This version of the quotation, fuller than that used by Seldon and Newell, is taken from Riddell’s Wikipedia entry.
Lloyd George supplied the dynamic war leadership which his predecessor, Herbert Asquith, was unable to provide, and not long after the end of the First World War became a liability. Stanley Baldwin, an obscure but emerging Tory MP, complained that Lloyd George had a “morally disintegrating effect” on all who dealt with him, and urged his fellow Tory MPs to withdraw their support from the Government, which duly fell.
Johnson supplied the dynamic peacetime leadership which his predecessor, Theresa May, had been unable to provide, and thanks to this he got Brexit done. But not long afterwards, he too became a liability, was indeed accused, by various obscure but emerging Tory MPs, of having a morally disintegrating effect, so out he went.
Isaac Levido, the protégé of Lynton Crosby who ran the 2019 general election campaign so well, told the authors of this book:
“For better or worse, you needed those three years of Theresa to create the conditions for Boris to present himself as the answer; why he was right to take over and solve the problem.”
In the United States, with fixed terms, it is almost impossible to get rid of a President who has lost the nation’s confidence: Nixon was the first and so far last President to resign, and Watergate was a fearful ordeal.
The British system is in that respect more democratic: we can chuck out a Prime Minister with brutal speed, Conservative MPs generally conceiving it to be in the national interest to evict anyone who threatens their chances of re-election.
They then put in someone who, they hope, will prove more attuned to the nation’s needs. After Johnson, and the brief interlude when the membership gave Liz Truss a go, the MPs chose Rishi Sunak to provide the calm professional management of the nation’s affairs which Johnson had so signally failed to provide.
This book contains much detail about the chaos in Downing Street during the Johnson years. The trouble with this new material is not only that it is of uneven quality, but that it is unsurprising: we already knew, from Cummings and others, of the bitter infighting which made the machinery of government difficult to operate.

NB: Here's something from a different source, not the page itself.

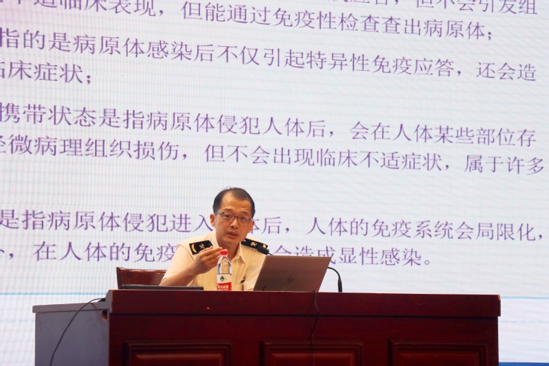 為進(jìn)一步推進(jìn)學(xué)習(xí)貫徹習(xí)近平新時(shí)代中國特色社會主義思想主題教育,深入開展“我為師生辦實(shí)事”活動,6月7日,數(shù)字商務(wù)學(xué)院邀請常州海關(guān)主任醫(yī)師邱文毅于圖文樓報(bào)告廳開展傳染病防控知識講座。講座由數(shù)字商務(wù)學(xué)院黨總支副書記吳佳偉主持,輔導(dǎo)員及全體22級學(xué)生參加。
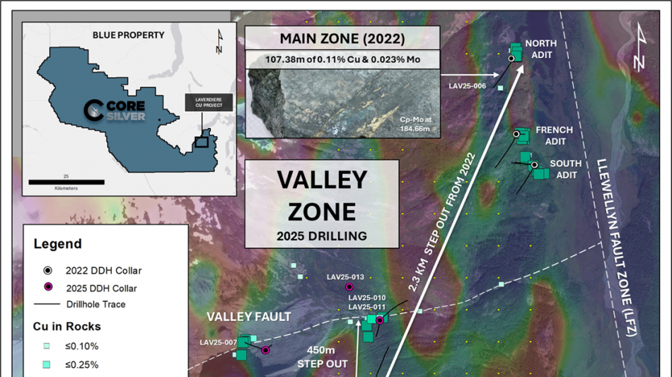 Adits driven into the Laverdiere area in the early 1900s reportedly returned up to 27m grading 1.20% Cu. The Llewellyn Fault Zone, a regional and strongly metal-endowed fault, cuts through the Laverdiere Copper Project for 14km of strike length and marks the contact between the Yukon-Tanana and Stikine Terranes in the Project area. Historic and shallow diamond drilling completed 125m north of the French Adit in 1974 reportedly returned 175m of 0.27% Cu, including 6m of 1.60% Cu and 7.8m of 1.60% Cu. Core Silver's inaugural diamond drilling campaign at the Laverdiere Copper Project in 2022 returned up to 48.5m of 0.90% Cu, 6g/t Ag, and 0.11g/t Au from 31.46m depth in drill hole LAV22-001 (French Adit), 223m of 0.11% Cu, 2g/t Ag, and 0.006% Mo from 15m depth in LAV22-002 (French Adit), and 107.38m of 0.11% Cu, 0.023% Mo, 0.9g/t Ag, and 0.02g/t Au from 144.62m depth in hole LAV22-006 (North Adit).

Seldon and Newell are deeply interested in that machinery, and tend to compare what happened in 2019-22 against an imaginary standard of perfection.
Politics for them, as for many people, consists of the skilled implementation by efficient ministers and officials of judiciously selected policies.
They are not interested in party politics, for which they harbour a certain technocratic scorn. Although they admit Johnson was a better campaigner and communicator than May, this counts for little when they come to describe, at wearisome length, the messy way he ran, or failed to run, Downing Street.
This appals them, and they say in their conclusion that Johnson lacked various “top tier traits” which are needed for a successful prime ministership:
“moral seriousness, an ability to work relentlessly hard when the pressure eased, decisiveness and resolution, mature and stable core relationships, the courage to appoint strong Cabinet and No 10 teams, and a gift for managing Cabinet and the media proactively.”
Here is management consultancy at its most sententious. Frivolous leaders hold no appeal for Seldon, who excluded Disraeli from his list of eight or nine great Prime Ministers, given in this ConHome review of his book about PMs published in 2021.
One ventures to suggest that while Disraeli’s achievements in government were modest compared to Gladstone’s, in giving the nation its idea of itself he was a sublime and witty statesman, whose fame and influence endured until at length eclipsed by Winston Churchill’s.
Seldon and Newell’s damning view of Johnson as a failed man of government is widely shared, and has won them the praise of those for whom no verdict on this PM can be too harsh.
But it precludes any understanding of his jokes, instincts and ability to connect with the wider public. What a brilliant figure he is at his best, and with what clumsy relish the dreary mediocrities now dance on what they hope is his grave.